I am going through my notes rather hastily, Mr. Chairman, but yesterday we were told what copyright was. Well, the copyright with which we are concerned is not the copyright as defined by Webster's dictionary or any other encyclopaedia; copyright is defined in terms of the law and section 3 of the Copyright Act says:
For the purposes of this act, "copyright" means the sole right to produce or reproduce the work or any substantial part thereof in any material form whatsoever-[DOT]
Then paragraph 2 of article IV of the convention of Berne says:
The enjoyment and the exercise of these rights shall not be subject to the performance of any formality; such enjoyment and such exercise are independent of the existence of protection in the country of origin of the work.
I say, Mr. Chairman, that the amendment exempting industrial fairs unduly takes away from the rights of the authors. In this matter we are not at all concerned with the performing right society. That society has nothing to do with the rights of the authors, in regard to letting their works be used for fairs, whether they are under the control of the dominion, the province or the municipality. Why in the name of common sense should a composer 'be forced to allow his music to be played gratuitously at any agricultural fair under the dominion, province or municipality, or at an industrial fair? Why, Mr. Chairman, the peanut vendor is paid at these fail's; everyone makes money at these fairs except the author. The farmer makes money; he is protected, but the author is not protected. I do not believe there would be any fairs if there were no music. Everyone is prepared to pay all those who have anything to do with the fair except the author who provides the very first requirement in order that the fair may be held. I do not think the point needs to be elaborated to show how illogical, how uncharitable and, I might even say, how unlawful that is.

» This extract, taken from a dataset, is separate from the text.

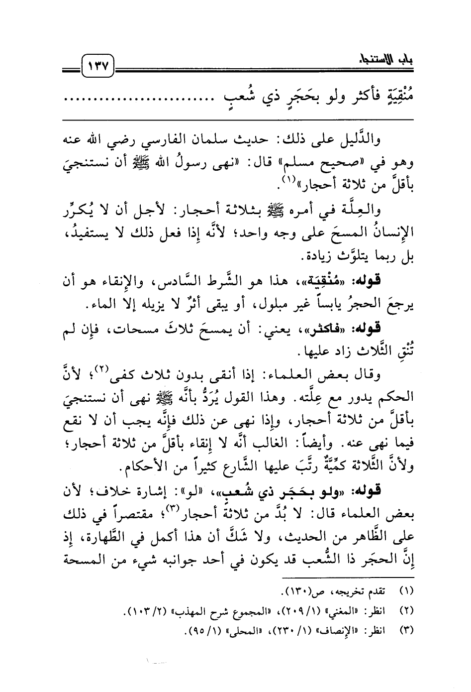 وقال بعض العلماء: إذا أنقى بدون ثلاث كفى (¬2)؛ لأنَّ الحكم يدور مع عِلَّته. وهذا القول يُرَدُّ بأنَّه صلّى الله عليه وسلّم نهى أن نستنجيَ بأقلَّ من ثلاثة أحجار، وإِذا نهى عن ذلك فإِنَّه يجب أن لا نقع فيما نهى عنه. وأيضاً: الغالب أنَّه لا إِنقاء بأقلَّ من ثلاثة أحجار؛ ولأنَّ الثَّلاثة كمِّيَّةٌ رتَّبَ عليها الشَّارع كثيراً من الأحكام.

While I am on this point may I say that in taking this step we are not only dealing with Canadian authors. Under the terms of the convention of Berne a large number of authors living in such countries as France, Italy, Belgium, Switzerland and many other countries are protected in Canada. If I had time I could easily proceed to show that while we in this country have the right to treat our own nationals in any contemptible way we may wish, the law of the land is that we cannot treat nationals of other countries in the same way. We can do what we like with our own people; we can be as mean as we wish towards them, but if we act in that way towards authors belonging to nations other than Canada we do so in flagrant violation of the convention of Berne. If proof of that statement were needed I could go back to 1921, when the licensing clauses were under consideration. The then Minister of Justice, Mr. Doherty, decided that the licensing clauses placed in our law could be operative only in connection with our own nationals and not in connection with the nationals of other countries who were protected by the convention of Berne. So I submit that by taking this action we are not showing Vespeet for an international convention in which we have participated. We are told that this does not amount to very much, that the authors will not lose very much in the way of fees by exempting these small fairs. But, Mr. Chairman, may I point out that at page 42 of the Parker report 278 fairs are listed in the province of Ontario.
I have not time to go through the whole of the report or to traverse everything that was said last night, but most hon. gentlemen who spoke then stated that the fees charged were exorbitant. I am not concerned with whether it is the performing right society or any other society that collects these fees. These are the fees of the authors and composers, and I say we have not the right to place this further hardship upon them. For the time being the Canadian Performing Right Society is the duly constituted agent of a certain number of authors, and they have the right to collect their fees.